Brasil permanece presente nas obras

Apesar de viver na Europa, Christina mantém o Brasil como uma presença importante em sua produção. Entre os trabalhos apresentados na exposição estão ilustrações para ‘Pais, Filhos e Netos’, histórias universais adaptadas por Paulo Coelho.

A artista também apresenta trabalhos inspirados nas salinas de Marsala, na Sicília, que receberam bordados feitos por ela com referências brasileiras.

Outro destaque são duas pinturas de borboletas realizadas em parceria com o indígena pataxó Txa-txu, do sul da Bahia. Antes de voltarem ao circuito artístico, as telas foram enterradas no solo brasileiro, sob uma gameleira, considerada uma árvore sagrada. “Essas são as imagens visíveis, mas existe um coração brasileiro por trás disso”, afirma Christina.

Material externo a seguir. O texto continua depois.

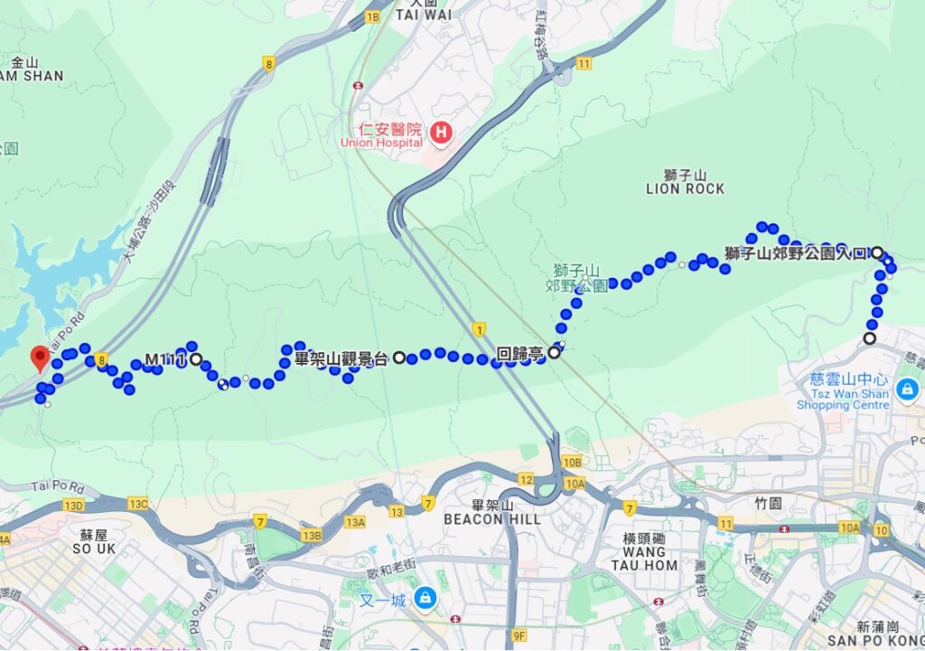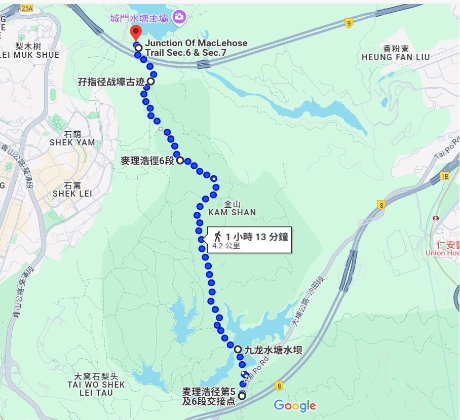 - 路線︰ 沙田坳➡獅子山➡筆架山➡鷹巢山➡九龍水塘➡金山➡孖指徑➡城門水塘

Parceria com curadora premiada

A mostra também representa um momento especial para Christina pela parceria com a curadora Adelina von Fürstenberg, reconhecida no cenário internacional da arte contemporânea e vencedora do Leão de Ouro da Bienal de Veneza.

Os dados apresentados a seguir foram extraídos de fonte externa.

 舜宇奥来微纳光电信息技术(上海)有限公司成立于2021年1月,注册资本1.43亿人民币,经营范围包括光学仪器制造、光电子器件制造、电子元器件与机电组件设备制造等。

Para a artista brasileira, trabalhar ao lado de Adelina é um privilégio e uma oportunidade de aprendizado. A curadora construiu sua trajetória defendendo uma arte multicultural e levando exposições para além dos museus tradicionais. Entre os espaços que já receberam seus projetos estão edifícios públicos, jardins, mosteiros e ilhas.

A escolha de ‘When the Sky Invades the Earth‘ para celebrar os 30 anos da ART for The World também se conecta à proposta da organização.

Sediada em Genebra e associada às Nações Unidas, a ONG surgiu no contexto de ‘Dialogues of Peace’, exposição internacional realizada para marcar os 50 anos da ONU. Desde então, a instituição utiliza a arte como ferramenta de diálogo, cultura e transformação social.

A iniciativa está alinhada ao princípio estabelecido pelo Artigo 27 da Declaração Universal dos Direitos Humanos, que reconhece o direito de todos à participação na vida cultural e ao acesso às artes.

Uma arte que não busca controlar o resultado

Ao lado de Paulo Coelho, com quem compartilha há décadas uma trajetória ligada à arte, à literatura e à espiritualidade, Christina Oiticica desenvolveu uma produção que ultrapassa fronteiras. Seu trabalho não tem como objetivo entregar respostas prontas ao público. A proposta é provocar experiências, sentimentos e reflexões que podem ser diferentes para cada pessoa.

Em ‘When the Sky Invades the Earth‘, essa filosofia aparece de maneira especialmente clara: Christina cria a obra, entrega parte do processo à natureza e espera para descobrir como ela será transformada.

O mesmo princípio se aplica à relação com o público. A artista não pretende determinar o que cada visitante deve sentir diante de seus trabalhos. Ainda assim, existe um sentimento que ela gostaria de despertar. “Eu espero que esse sentimento seja de amor, porque só assim haverá uma transformação. Ela é individual.